== RECORDS SHOWN
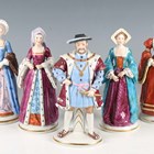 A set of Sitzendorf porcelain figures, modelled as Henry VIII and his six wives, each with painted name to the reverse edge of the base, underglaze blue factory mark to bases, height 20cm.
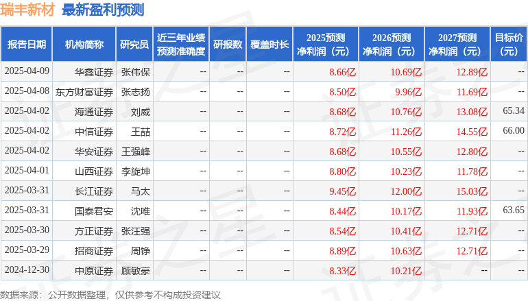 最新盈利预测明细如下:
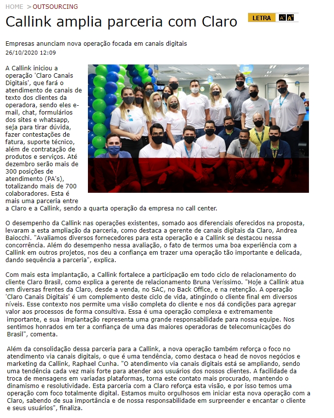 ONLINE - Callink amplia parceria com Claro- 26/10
====
== RECORDS SHOWN
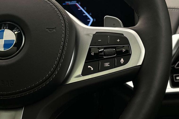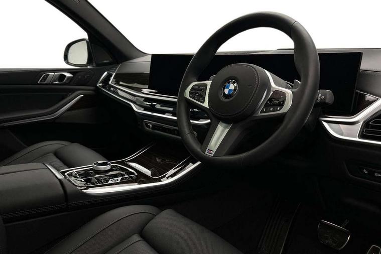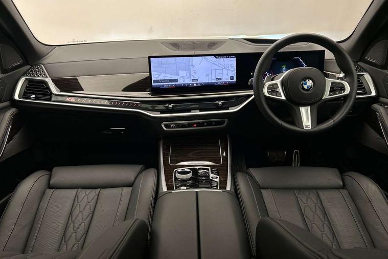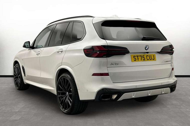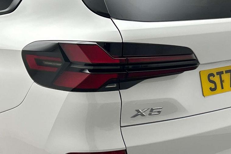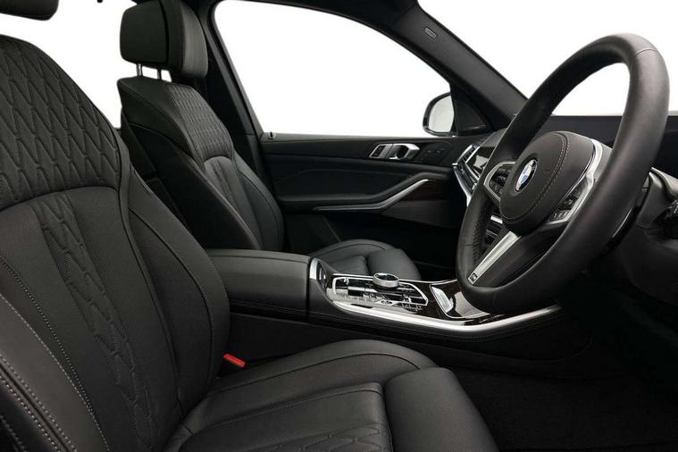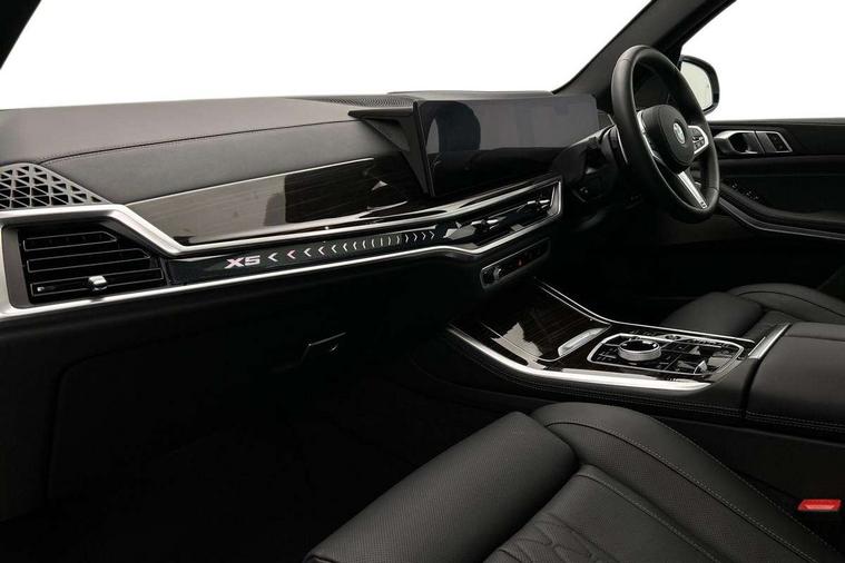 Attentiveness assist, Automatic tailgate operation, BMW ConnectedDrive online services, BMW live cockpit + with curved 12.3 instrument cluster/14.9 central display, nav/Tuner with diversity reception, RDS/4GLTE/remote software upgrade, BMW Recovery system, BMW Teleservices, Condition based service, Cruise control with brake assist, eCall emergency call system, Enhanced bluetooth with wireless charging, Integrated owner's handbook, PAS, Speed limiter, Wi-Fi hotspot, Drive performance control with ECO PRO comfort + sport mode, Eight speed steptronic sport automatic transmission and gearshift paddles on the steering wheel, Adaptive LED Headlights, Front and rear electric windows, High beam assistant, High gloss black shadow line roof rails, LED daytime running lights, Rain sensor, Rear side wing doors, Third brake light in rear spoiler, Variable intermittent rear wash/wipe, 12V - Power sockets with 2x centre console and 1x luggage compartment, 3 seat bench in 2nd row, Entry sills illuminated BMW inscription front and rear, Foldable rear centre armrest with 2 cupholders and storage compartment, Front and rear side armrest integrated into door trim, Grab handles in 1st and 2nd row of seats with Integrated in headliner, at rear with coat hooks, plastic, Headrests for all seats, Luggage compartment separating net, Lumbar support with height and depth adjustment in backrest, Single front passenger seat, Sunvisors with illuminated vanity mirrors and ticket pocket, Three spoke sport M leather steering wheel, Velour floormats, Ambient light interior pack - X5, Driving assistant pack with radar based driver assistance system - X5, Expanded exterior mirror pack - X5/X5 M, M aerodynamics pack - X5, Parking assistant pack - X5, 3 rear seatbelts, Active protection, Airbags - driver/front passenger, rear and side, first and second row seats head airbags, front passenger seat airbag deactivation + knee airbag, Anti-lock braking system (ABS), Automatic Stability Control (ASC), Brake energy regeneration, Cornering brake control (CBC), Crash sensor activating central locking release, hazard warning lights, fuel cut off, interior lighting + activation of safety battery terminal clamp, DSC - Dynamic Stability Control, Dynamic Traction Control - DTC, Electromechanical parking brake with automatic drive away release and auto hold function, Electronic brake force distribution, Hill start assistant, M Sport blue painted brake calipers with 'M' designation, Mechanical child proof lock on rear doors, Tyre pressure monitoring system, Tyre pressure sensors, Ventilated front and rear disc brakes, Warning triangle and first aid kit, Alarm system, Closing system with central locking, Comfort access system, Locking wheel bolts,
====
== RECORDS SHOWN
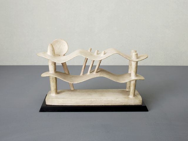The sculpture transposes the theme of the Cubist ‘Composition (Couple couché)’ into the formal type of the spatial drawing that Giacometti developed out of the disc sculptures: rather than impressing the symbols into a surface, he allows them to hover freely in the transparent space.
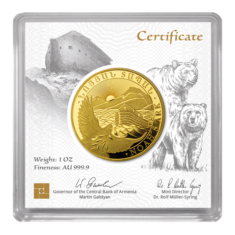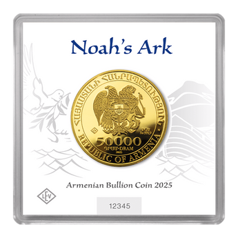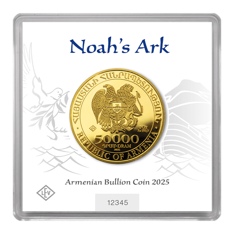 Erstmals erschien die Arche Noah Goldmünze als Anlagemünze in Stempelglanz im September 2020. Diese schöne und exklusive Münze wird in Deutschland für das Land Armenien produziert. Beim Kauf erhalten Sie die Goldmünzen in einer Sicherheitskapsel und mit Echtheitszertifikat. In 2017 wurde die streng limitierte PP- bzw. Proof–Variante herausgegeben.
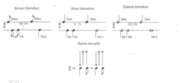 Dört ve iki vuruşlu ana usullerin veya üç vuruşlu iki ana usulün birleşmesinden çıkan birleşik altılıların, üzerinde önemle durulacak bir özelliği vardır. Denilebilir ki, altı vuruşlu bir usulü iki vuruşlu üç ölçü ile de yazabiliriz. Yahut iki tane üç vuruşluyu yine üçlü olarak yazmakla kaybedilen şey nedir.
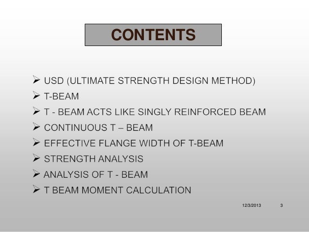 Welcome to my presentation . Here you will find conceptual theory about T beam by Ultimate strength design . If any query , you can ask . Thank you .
====
§ EXERCISE PROMPT
Set down, exactly as written above, each line from the one with "A set of Sitzendorf" through the one with "ONLINE - Callink", and skip the pictures.

§ REPLY
 A set of Sitzendorf porcelain figures, modelled as Henry VIII and his six wives, each with painted name to the reverse edge of the base, underglaze blue factory mark to bases, height 20cm.
 最新盈利预测明细如下:
 ONLINE - Callink amplia parceria com Claro- 26/10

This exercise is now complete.